- Born: 7 January 1956 Albert Cook Hospital, Mengo Kampala, Uganda
- Died: 15 February 2020 (aged 64) Nakasero Hospital, Nakasero, Kampala, Uganda
- Citizenship: Uganda
- Education: Makerere University (Bachelor of Laws) Law Development Centre (Diploma in Legal Practice) Yale University (Master of Laws) (Doctor of Juridical Science)
- Known for: Legal matters, Tax matters
- Title: Chairman of Uganda Revenue Authority and Monitor Publications Limited Executive Director of Centenary Bank and Director of Nation Media Group

= Simon Kagugube =

Ugandan lawyer, banker, and tax expert (1956–2020)

Simon Kagugube (7 January 1956 – 15 February 2020), was a Ugandan lawyer, corporate executive and taxation expert, who served as the Chairman of the board of directors at Uganda Revenue Authority (URA), Uganda's revenue collection agency.

He concurrently served as the Chairman of Monitor Publications in Uganda, and was a member of the board of directors at Nation Media Group, based in Kenya. Simultaneously, he was an executive director at Centenary Bank, a commercial bank in Uganda, and he sat on the bank's board of directors.

==Background and education==
He was born in Uganda on 7 January 1956 and attended Namilyango Junior Primary School. For his secondary education, he studied at St. Mary's College Kisubi. He was admitted to Makerere University, Uganda's oldest and largest public university, where he obtained a Bachelor of Laws degree.

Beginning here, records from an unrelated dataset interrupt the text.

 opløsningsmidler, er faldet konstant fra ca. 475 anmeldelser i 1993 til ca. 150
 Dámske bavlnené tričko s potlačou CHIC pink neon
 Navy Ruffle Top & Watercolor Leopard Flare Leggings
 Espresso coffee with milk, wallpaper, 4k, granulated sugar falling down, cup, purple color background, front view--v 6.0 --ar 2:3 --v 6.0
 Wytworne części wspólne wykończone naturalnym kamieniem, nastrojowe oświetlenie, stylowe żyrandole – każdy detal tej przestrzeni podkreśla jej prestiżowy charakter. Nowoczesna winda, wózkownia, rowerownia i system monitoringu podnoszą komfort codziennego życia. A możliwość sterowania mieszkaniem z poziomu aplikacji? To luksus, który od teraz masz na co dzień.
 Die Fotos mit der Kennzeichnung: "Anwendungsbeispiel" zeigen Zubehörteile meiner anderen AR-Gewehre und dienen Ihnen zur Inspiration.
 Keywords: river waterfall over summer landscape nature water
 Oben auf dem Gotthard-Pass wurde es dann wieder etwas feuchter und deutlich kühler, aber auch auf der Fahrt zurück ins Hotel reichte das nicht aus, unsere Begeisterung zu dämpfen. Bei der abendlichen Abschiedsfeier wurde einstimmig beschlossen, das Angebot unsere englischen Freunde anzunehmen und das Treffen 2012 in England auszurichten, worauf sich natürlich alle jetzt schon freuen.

He went on to obtain a Diploma in Legal practice, from the Law Development Centre. He was then admitted to the Ugandan Bar, as a practicing attorney.

His degree of Master of Laws in Corporation Law, Taxation and International Trade Systems, was awarded by Yale University, in the United States. He also held a Doctor of Science of Law, also awarded by Yale University. His doctoral specialization was in Immigration, Refugees and Asylum Law.

His other academic qualifications included a Certificate in Public Finance from University of Bath and a certificate in the Commonwealth Tax Inspectors’ course.

==Career==
Dr Kagugube worked at the Uganda Revenue Authority, as Commissioner for Value Added Tax and while there, served temporarily as Deputy Commissioner General of the agency. At the time of his death, he was the chairman of the board at the tax agency.

In the early 2000s, he worked at PricewaterhouseCoopers Uganda as the Director of Tax and Legal Services, while simultaneously serving as the chairman of the board at Centenary Bank.

He was appointed to the Board of Nation Media Group, as an independent non-executive director, in September 2011. He concurrently served as the Chairman of the Board of Monitor Publications Limited in Uganda, a Nation Media Group subsidiary.

At the time of his death in February 2020, Kagugube was an Executive Director at Centenary Bank, a commercial bank in Uganda and was a member of the bank's board of directors.

==Illness and death==
Kagugube visited Victoria Clinic on Lumumba Avenue, in Kampala, but collapsed on arrival, on 1 February 2020. He was transferred to nearby Nakasero Hospital, where he was diagnosed with a blocked coronary artery (heart attack).

He was then transferred that afternoon to the Uganda Heart Institute, where he underwent an emergency coronary bypass operation that was deemed successful. A pacemaker was also inserted in his heart to control an irregular rhythm. When he regained consciousness after the heart surgery, he was asked to select an institution where he could be monitored while waiting for sufficient recovery before flying him abroad for a cardiac rehabilitation program. He selected Nakasero Hospital.

While at Nakasero, he developed complications, including uncontrolled blood sugar (he was a diabetic), low blood pressure and kidney failure, requiring dialysis. Kagugube died on the afternoon of 15 February 2020, at Nakasero Hospital, in Kampala, where he had been admitted days before. He was buried at Mawagga Village, Mityana District, on 18 February 2020.

==Family==
He married wife, Eva Kagugube on 9 April 1983 at Christ the King Catholic Church, in Kampala, Uganda.

==Other considerations==
Kagugube was the president of the East African School of Taxation, a private institution based in Kampala.